In 1982, the U.S. Supreme Court found an antitrust violation by physicians in Arizona vs. Maricopa County Medical Society. The prevailing justices abandoned the "rule of reason" in making a split decision, a ruling that failed to account for the public good, where a discounted maximum relative value price scale benefited patients by lowering prices.
Also in 1982, Congress passed the Antitrust Equal Enforcement Act, which defined consequences for litigating aspects of the Sherman Antitrust Act, but failed to make any exception for the practice of medicine. The legislation provides for severe penalties: jail sentences, loss of citizenship, lifetime business restrictions and individual fines up to $100,000, with corporate fines up to $1 million per count.
Today, the original antitrust laws designed to protect small businesses, such as private doctors' offices, now protect oligopolistic and monopolistic healthcare delivery corporations by denying physicians the right to collectively bargain. Instead, physicians are forced to sign non-negotiable "take it or leave it" contracts or risk losing 50 percent or more of their patient base.
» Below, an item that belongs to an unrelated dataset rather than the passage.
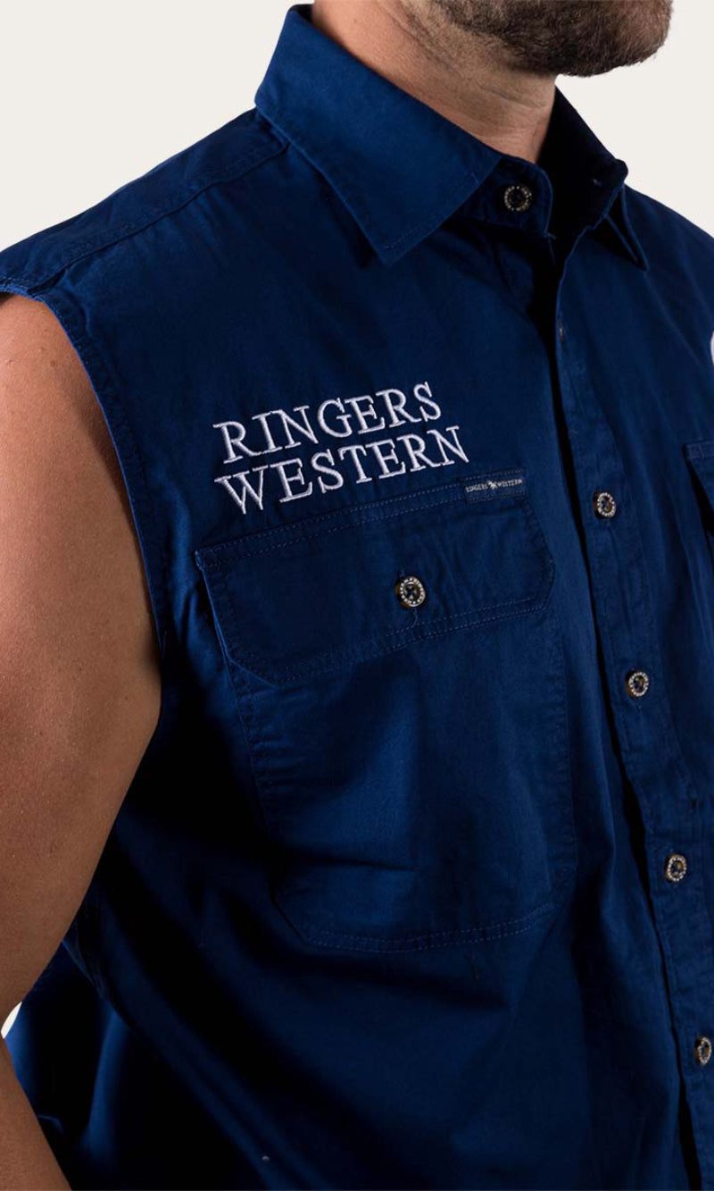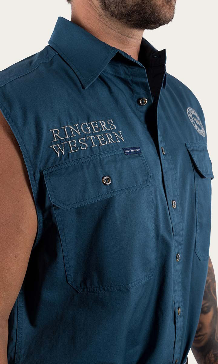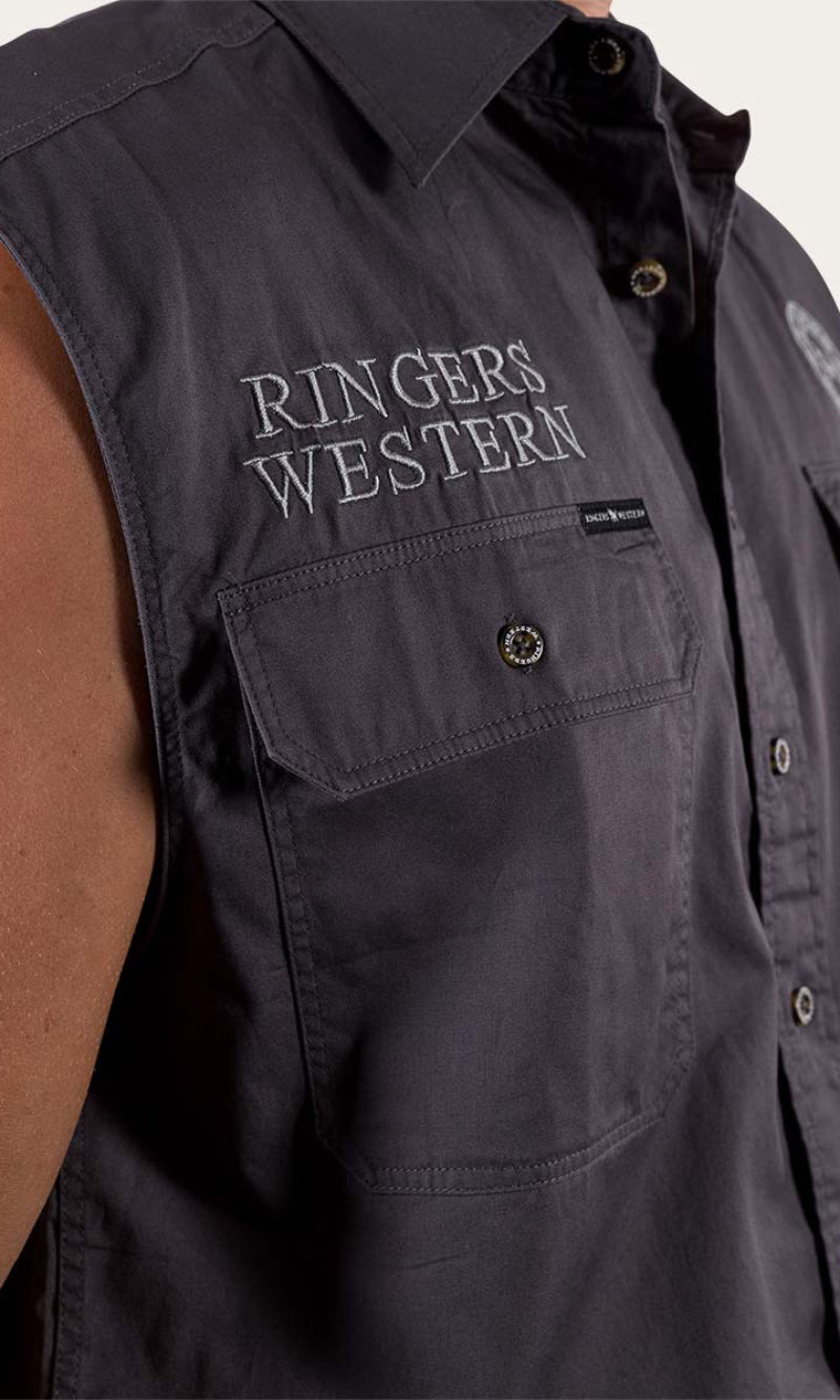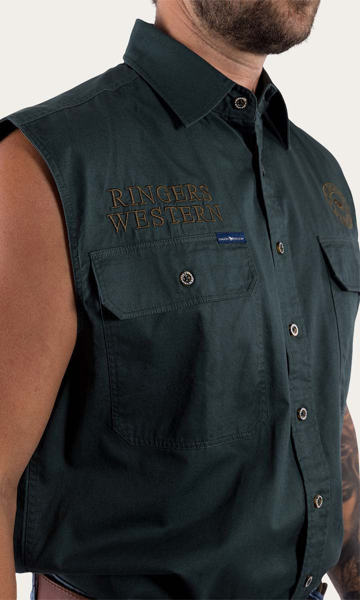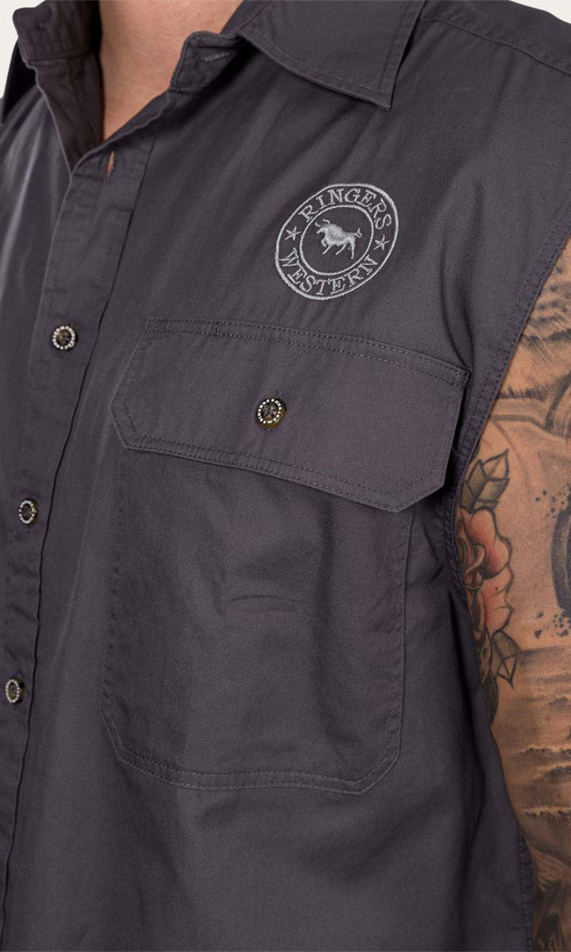 This sleeveless work shirt acknowledges our roots with a signature crest, white embroidery, and Ringers Western appliqué on the chest.

Before 1982, physicians agreed to work with health insurance companies on an assignment basis. Independent contracting in Medicaid came along as a good thing for the poor, but a hidden rider to that good deed punished physicians by allowing independent contracting for all healthcare insurers. Direct independent contracting eventually created an additional and unquestioned imbalance of power in favor of insurance companies and to the detriment of physicians and patients.
The Quality Health Care Coalition Act of 1999, passed by the U.S. House of Representatives as HR 1304, would have restored physicians' rights to collectively bargain, without conferring any right to participate in any collective cessation of services to patients. However, the bill failed in the U.S. Senate.
Allowing physicians to negotiate collectively with healthcare plans will not change physicians' ethical duty to continue to provide medically necessary care to patients. Healthcare is not a "take it or leave it" commodity that can be strictly ruled by the "letter" of antitrust law. Our nation's healthcare is a necessity that should be judged by the "spirit" of antitrust law.
Healthcare delivery can never be considered an industry completely subject to all the antitrust rules of a free market. Unlike other industries that are not conflicted with moral dilemma, health keepers--thankfully--are not willing to refuse life or death services to those who cannot pay.
The time is ripe for physicians to unite behind a renewed effort to urge Congress to pass an antitrust exemption bill for healthcare.